The supporting characters of the novel would have benefitted from some more development. Maddie Parker - Chris’ sister and Ally’s best friend - had quite limited dialogue. While it was intentional that she talked about her medical career to excess, it sometimes felt a bit unrealistic. For example she repeated ‘residency is brutal’ multiple times, or would always say she was at the hospital. Realistically, she would have just said ‘work’. Aside from her excitement about Ally and Chris’ reconciliation, I felt Maddie didn’t talk about anything else. I didn’t really know her likes, dislikes, quirks or how she became Ally’s best friend beyond their first meeting. Maddie and Chris’ parents, Mr and Mrs Parker, would have also benefitted from some more context or characterisation. I would have liked to have learnt why Mr Parker was as totalitarian as he was. His final speech at Chris’ leaving do also felt out of character, doing a full 180 about the pride he had for his son. I felt small, baby steps to approval and praise would have felt more natural and made Chris’ earlier epiphany - that sometimes you have to accept you won’t get someone’s approval and move on - more poignant. We were also told that Mrs Parker was ‘a great mum figure’ to Ally, but I would have liked to have been shown this more than I was told.

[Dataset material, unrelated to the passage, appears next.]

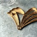 ゴールドトーンのオープンワークファンブローチ。
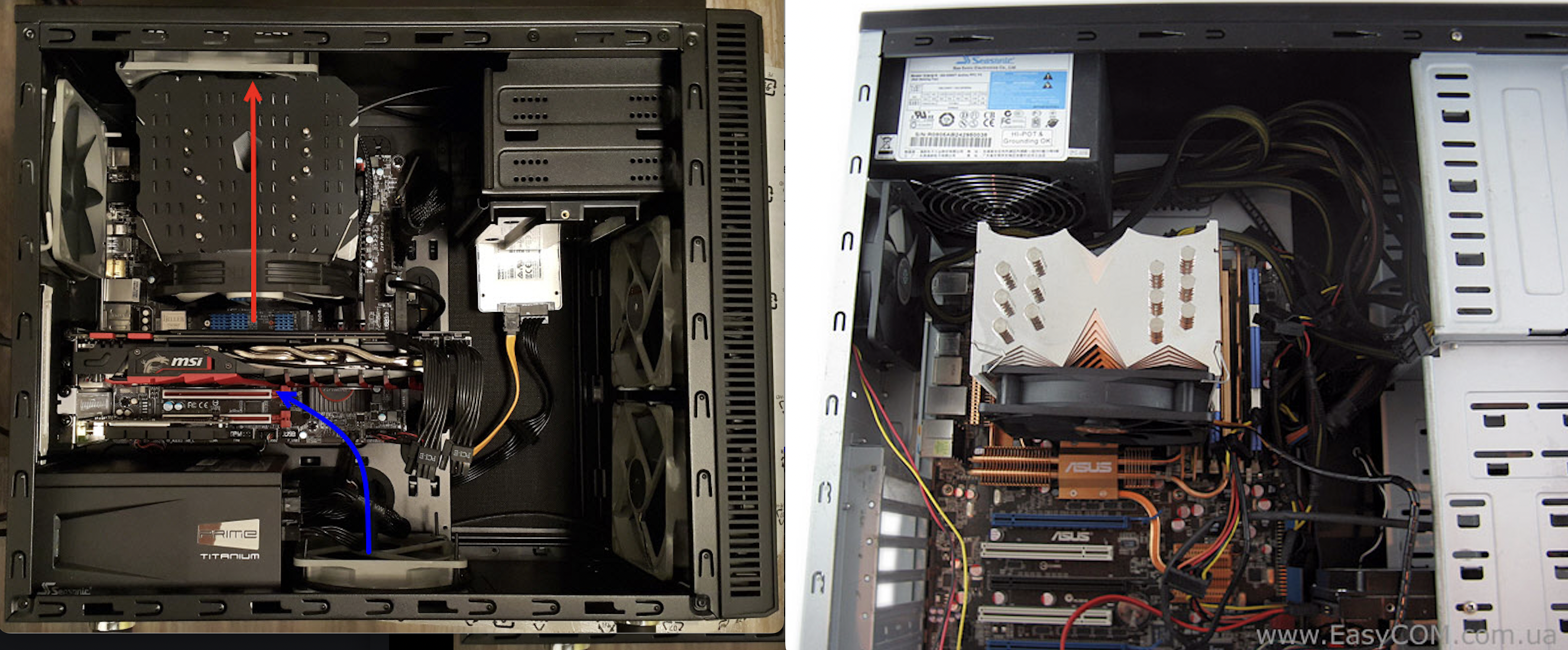 камрады, прошу помощи Ищу кулер для установки вертикально, выдув вверх Готовый вариант. Без допиливаний, существует в природе для сокета АМ4? сейчас стоит Ice Hammer IH-4800 с переходником под AM4 type B - его тепловые трубки не дают повернуть 1) проц Ryzen 5 5600x на материнке на B550 (gigabyte Aorus) socket AM4 2) корпус Cooler Master Master Case SL600M ( высота кулера до 190 мм заявлена) 3) оперативка Patriot DDR4 32Gb (2x16Gb) 3600MHz pc-28800 Viper Steel (PVS432G360C8K) планки в тонких радиаторах, высоту увеличивают но не сильно 4) бюджет до 100$ ( 10-15 тысяч рублей) 5) РФ, СПб - по магазинам предпочтений нет Картинки во вложении для идентификации положения кулера Буду признателен за опыт и мнения

Jason Hawthorne - Maddie, Ally and Chris’ friend - was another addition to the casual misogyny of their group. He discussed women as ‘10s’ or ‘6s’, and routinely made jokes about having sex with Maddie. This just added to my disillusionment with Ally and her values. Nate, on the other hand? He was perfectly reasonable to be mad at Ally when he was. It wasn’t his fault that he wasn’t Chris, or that he didn’t ‘see’ Ally when she didn’t show him or communicate with him. His explosive conversations with her were genuinely tense and realistic, because the poor guy wasn’t wrong. Just because he was a ‘finance bro’ didn’t mean he didn’t genuinely care for Ally.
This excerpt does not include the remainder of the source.